Close grip press

Narrow bench pressbasic fitness and bodybuilding exercise to gain strength, mass and volume of your triceps. In addition to the “triceps brachii muscle”, this exercise also takes an active part breast And deltas. The smart move is to leave this press until the very end. training programso that relatively fresh shoulders and chest will help “bomb” with heavy weights someone who is already pretty tired and exhausted from other exercises triceps.

The grip in this press varies: from minimumwhen the thumbs and index fingers touch each other until the grip shoulder width apart. It makes no sense to grab the barbell with a wider grip, since in this case the main emphasis of the load shifts from the triceps to the chest muscles. The optimal grip width is about 15 cm.

Also important in performing this exercise is the movement of your shoulders. If your shoulders move during the exercise perpendicular the body of your body, which means that the chest is more involved in the work, and not the triceps at all, which is not correct. If at close grip bench press shoulders move parallel to your body, which means you are as isolated And concentrated impact specifically on your triceps muscles.
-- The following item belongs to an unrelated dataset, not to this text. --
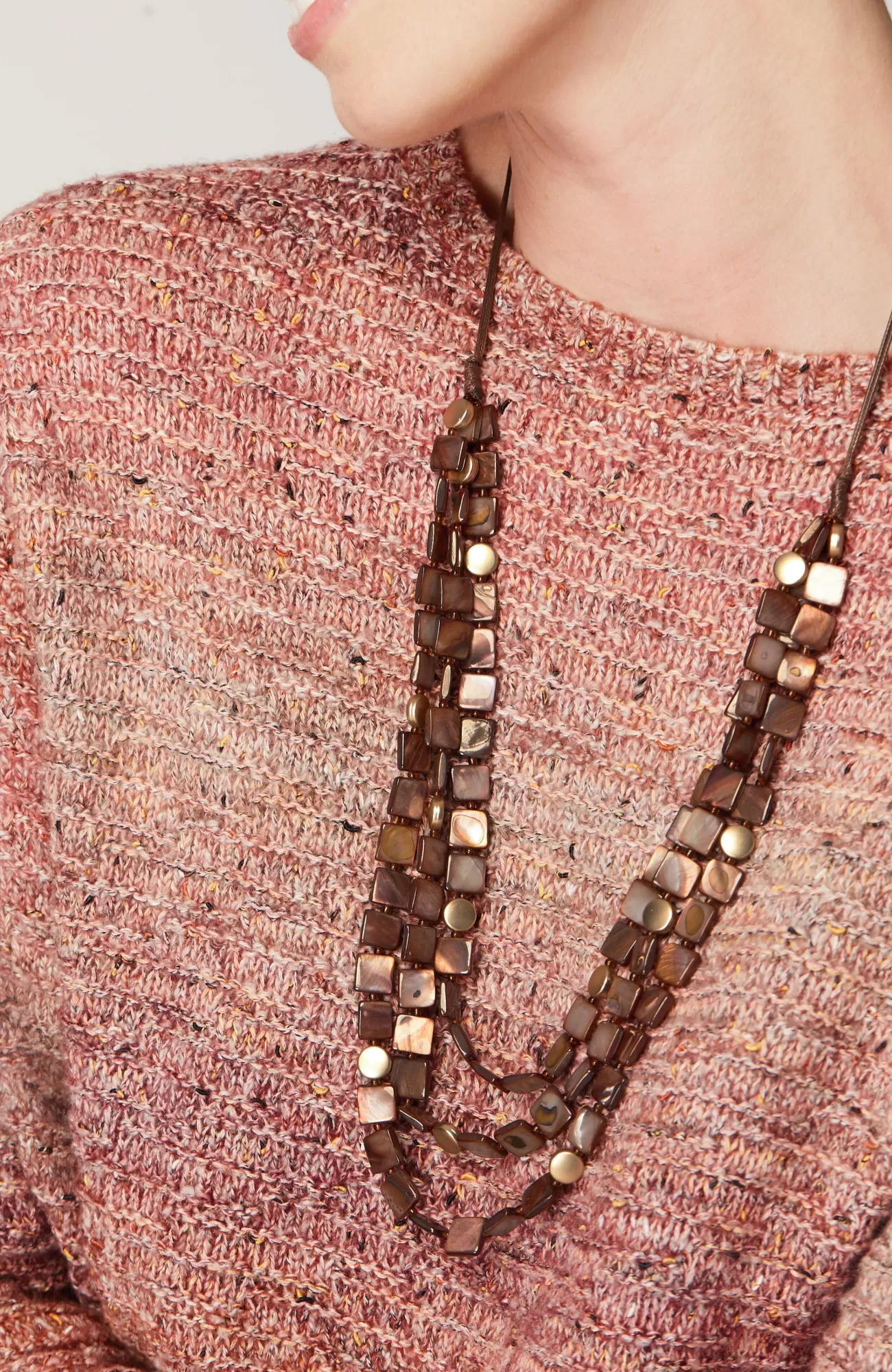 A necklace for all seasons: three strands of geometric beads in neutral shades of brown. It's the perfect coordinate to our dare-to-explore bracelet. Adjusts from 20½" to 39½".

It is also important to understand that for correct technique the main plane of movement should not be located at chest level, but much lower - approximately in the upper part of the abdominal area.

The breathing technique, as in other pressing exercises, is carried out according to the principle: exhale when squeezing, inhale when lowering. Don't hold your breath!

The negative phase (descent) can be performed much slower than the positive (ascent). Also, many famous bodybuilders actively practice the principle: “partner's help" In this version, a partner helps you lift the weight, and you lower it yourself.